On August 21, 1974, an elderly couple were found shot and killed in their home. The couple's dog had also been killed and the home had been ransacked and burned. Taylor and a codefendant were arrested and brought to *311 trial on two counts of first-degree murder and one count of first-degree arson.

After the prosecution made its opening statement, plea bargaining resulted in Taylor's entering pleas of guilty to one count of first-degree murder and one count of second-degree murder. The arson charge was dismissed with prejudice.

Taylor subsequently petitioned to withdraw his guilty pleas. His petition was denied and he was sentenced to life imprisonment on each count. The terms were to run concurrently.

This court granted Taylor's petition for post-conviction relief pursuant to former CrR 7.7.[1] Upon remand, a superior court judge found that Taylor had been given erroneous advice concerning mandatory minimum terms and vacated the convictions and sentences.

On retrial, the State filed an information which again charged Taylor with two counts of first-degree murder and one count of first-degree arson. Both Taylor and a companion (codefendant at the first trial) testified at the second trial. They testified that, although Taylor was present at the scene, his participation in the crimes was coerced by his companion. The jury returned verdicts of guilty on the two murder counts and not guilty on the arson charge. Taylor was again sentenced to life imprisonment on each murder count. However, the judge who presided at the second trial ordered that the terms run consecutively, not concurrently.

Taylor's principal assignment of error is that, on retrial, he was denied his constitutional immunity from double jeopardy by (1) again being charged with first-degree murder for the homicide to which he had pleaded guilty to second-degree murder, and (2) again being charged with arson — that charge having been dismissed with prejudice.

We first consider the refiling of the first-degree murder charges.

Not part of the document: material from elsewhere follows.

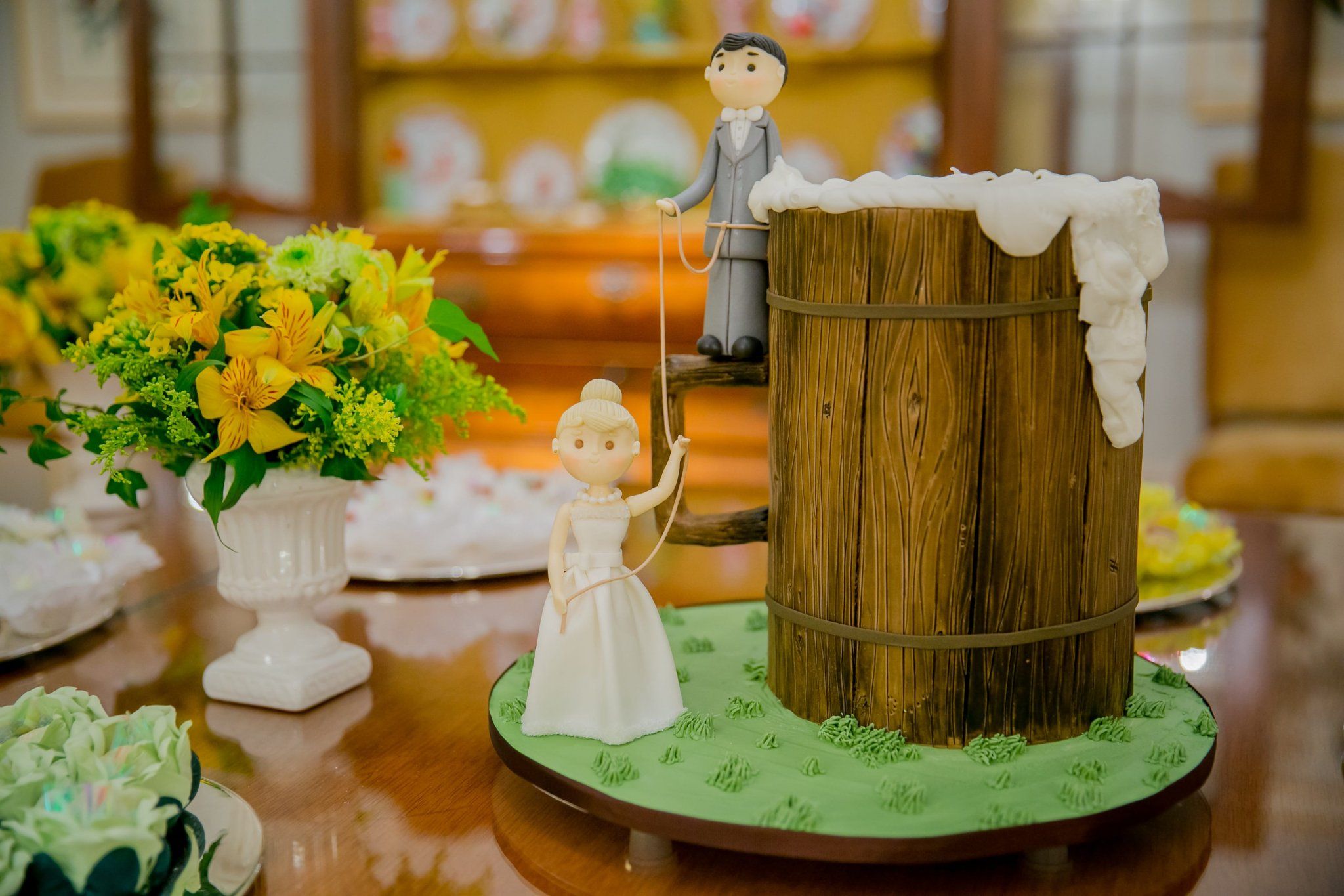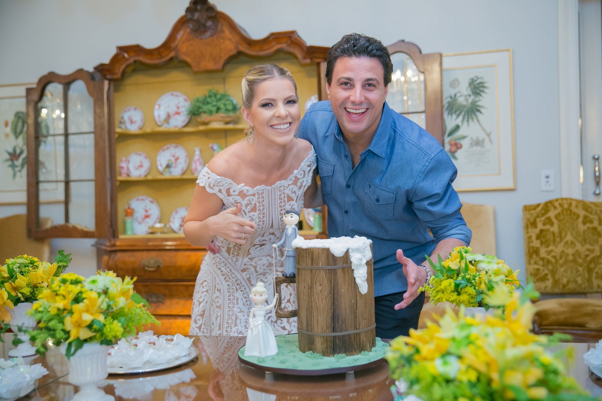 Estou adorando a combinação de cores azul e amarelo – ela deixa o ambiente chique e alegre ao mesmo tempo. Essa foi a decoração do chá bar da Carol e do Daniel, que se conheceram em uma festa em Ribeirão Preto. O pedido de casamento veio no aniversário de dois anos de namoro.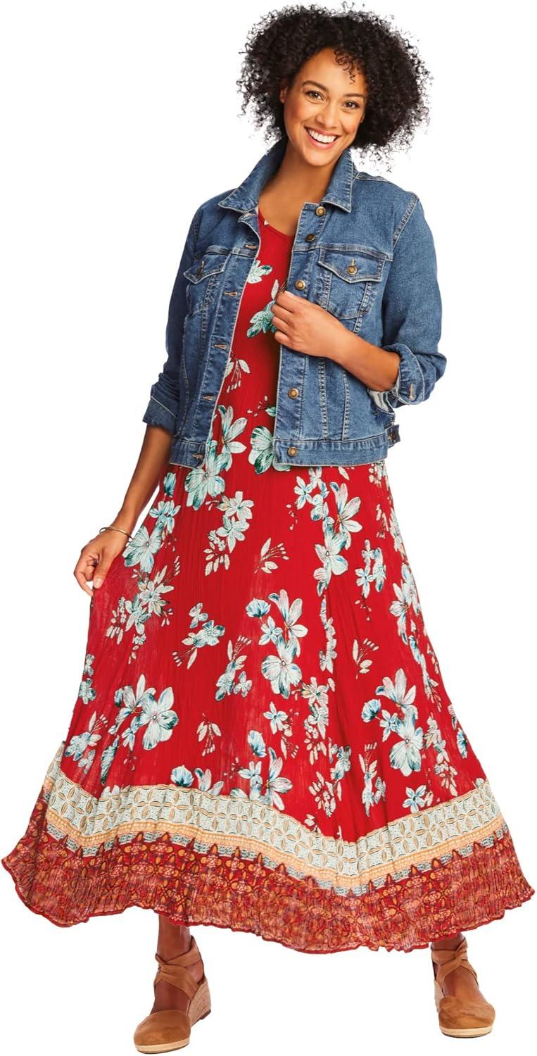 • Woman Within Plus Size Short-Sleeve Crinkle Dress(Vivid Red Bloom Flower)

In State v. Schoel, 54 Wash. 2d 388, 341 P.2d 481 *312 (1959), our Supreme Court expressly overruled State v. Ash, 68 Wash. 194, 122 P. 995 (1912) and held that a jury conviction of second-degree murder barred the refiling of a charge of first-degree murder upon retrial. The court adopted the rationale of the United States Supreme Court in Green v. United States, 355 U.S. 184, 190, 2 L. Ed. 2d 199, 78 S. Ct. 221, 6 A.L.R. 2d 1119 (1957) that when a jury is given the choice of finding an accused guilty of either first- or second-degree murder, a conviction of the lesser degree is an "implicit acquittal on the charge of first degree murder."

Taylor's challenge, however, presents a question of first impression for this jurisdiction: Is the acceptance by the court of a guilty plea to a lesser included offense the constitutional equivalent of a jury's "implicit acquittal" on the greater charge?

[1] The precise question has not been considered by the United States Supreme Court. Antithetic conclusions have been reached by jurisdictions which have considered the question. We are persuaded that the better-reasoned decisions are those which hold that the acceptance of a guilty plea to a lesser included offense is not, for double jeopardy purposes, an implicit acquittal on the greater charge.

In Green v. United States, supra at 190, Justice Black's graphic rhetoric expresses double jeopardy's philosophical basis.

Green was in direct peril of being convicted and punished for first degree murder at his first trial. He was forced to run the gantlet once on that charge and the jury refused to convict him. When given the choice between finding him guilty of either first or second degree murder it chose the latter. In this situation the great majority of cases in this country have regarded the jury's verdict as an implicit acquittal on the charge of first degree murder.

(Footnote omitted.)

Clearly, Taylor was in jeopardy on each of the two murder counts as well as the arson count at the time his first trial was aborted by his bargained pleas.

*313 The beginning point of any analysis of a double jeopardy claim is to determine whether jeopardy has attached. Illinois v. Somerville, 410 U.S. 458, 35 L. Ed. 2d 425, 93 S. Ct. 1066 (1973); State v. Smith, 15 Wash. App. 725, 551 P.2d 765 (1976). Here, although counsel had not made their opening remarks and no witnesses had been called, jeopardy had nevertheless attached since the jury had been selected and sworn. Downum v. United States, 372 U.S. 734, 10 L. Ed. 2d 100, 83 S. Ct. 1033 (1963).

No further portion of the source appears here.